- **Exercise**: Give exactly the lines from the one that contains "ROCKER SWITCH 12V" through the end of the entries below, both included; the pictures stay out.

- **Provided information**:
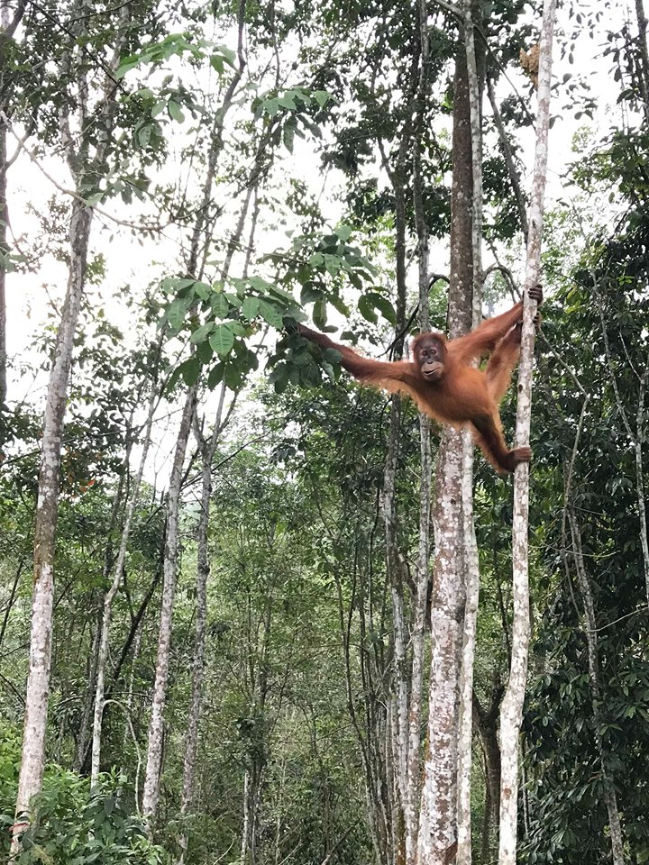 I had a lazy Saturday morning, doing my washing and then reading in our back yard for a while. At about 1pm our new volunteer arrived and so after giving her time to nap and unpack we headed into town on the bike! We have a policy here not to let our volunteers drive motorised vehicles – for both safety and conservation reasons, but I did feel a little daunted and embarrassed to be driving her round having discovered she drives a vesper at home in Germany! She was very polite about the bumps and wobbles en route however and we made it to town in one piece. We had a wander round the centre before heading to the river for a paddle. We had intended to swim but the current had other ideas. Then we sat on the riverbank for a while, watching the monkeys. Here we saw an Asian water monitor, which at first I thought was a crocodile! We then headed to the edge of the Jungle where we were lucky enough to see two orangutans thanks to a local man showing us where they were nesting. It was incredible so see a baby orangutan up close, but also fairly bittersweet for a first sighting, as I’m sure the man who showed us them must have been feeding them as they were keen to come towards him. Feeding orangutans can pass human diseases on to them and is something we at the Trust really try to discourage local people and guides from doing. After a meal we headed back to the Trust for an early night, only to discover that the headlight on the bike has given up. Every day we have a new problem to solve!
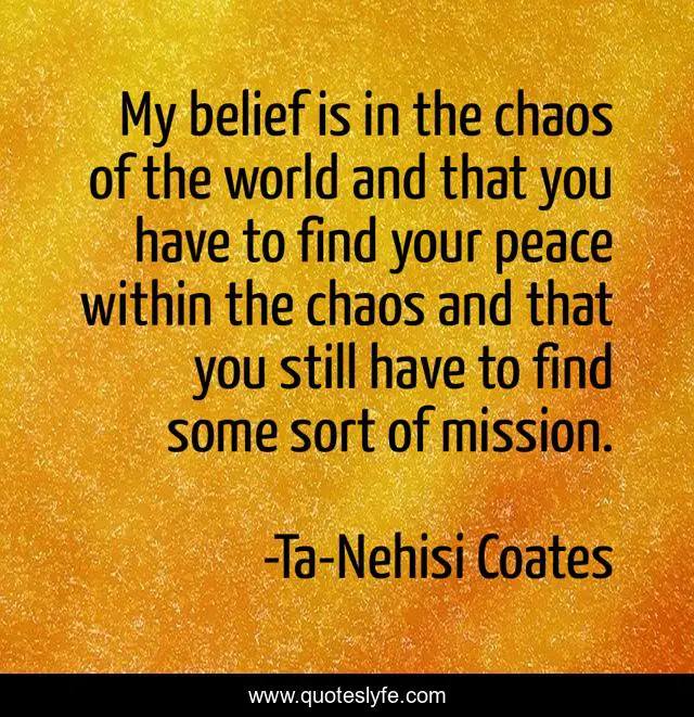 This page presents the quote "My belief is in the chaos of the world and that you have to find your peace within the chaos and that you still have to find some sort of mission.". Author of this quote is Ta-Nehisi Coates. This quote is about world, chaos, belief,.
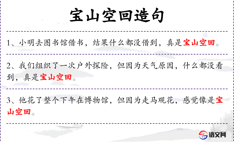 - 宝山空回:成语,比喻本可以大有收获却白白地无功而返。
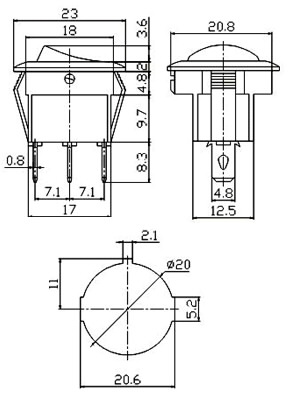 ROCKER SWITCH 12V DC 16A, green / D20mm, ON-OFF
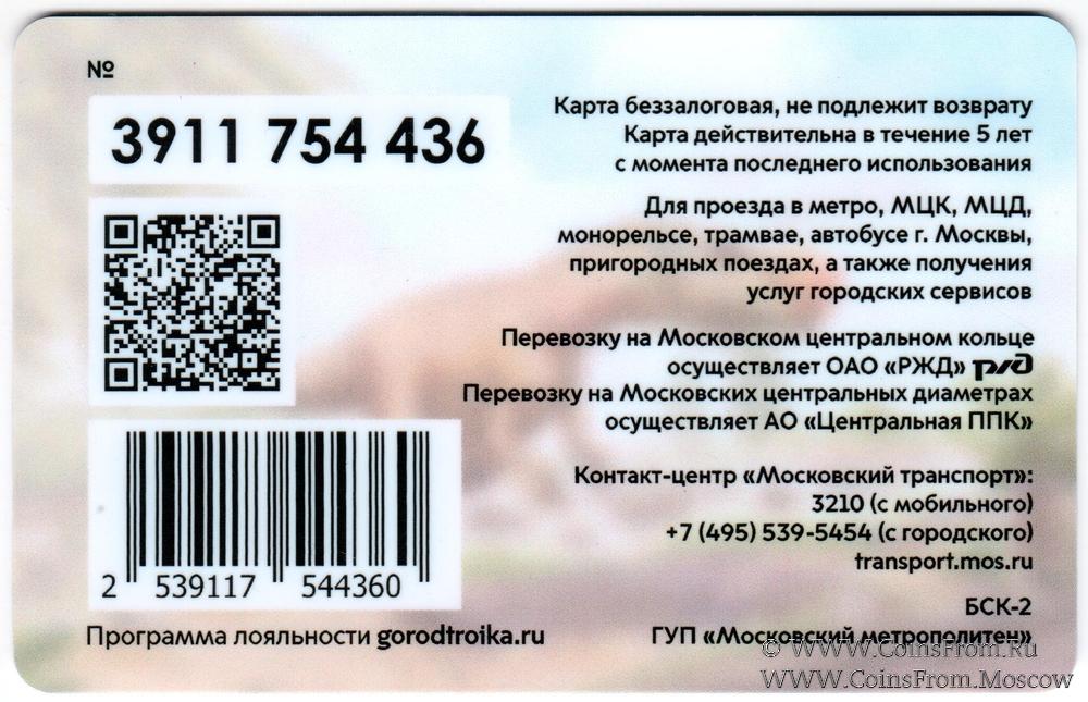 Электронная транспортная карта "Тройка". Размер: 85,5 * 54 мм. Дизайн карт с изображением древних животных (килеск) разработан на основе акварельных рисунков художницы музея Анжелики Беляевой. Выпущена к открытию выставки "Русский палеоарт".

- **Written solution**:
 ROCKER SWITCH 12V DC 16A, green / D20mm, ON-OFF
 Электронная транспортная карта "Тройка". Размер: 85,5 * 54 мм. Дизайн карт с изображением древних животных (килеск) разработан на основе акварельных рисунков художницы музея Анжелики Беляевой. Выпущена к открытию выставки "Русский палеоарт".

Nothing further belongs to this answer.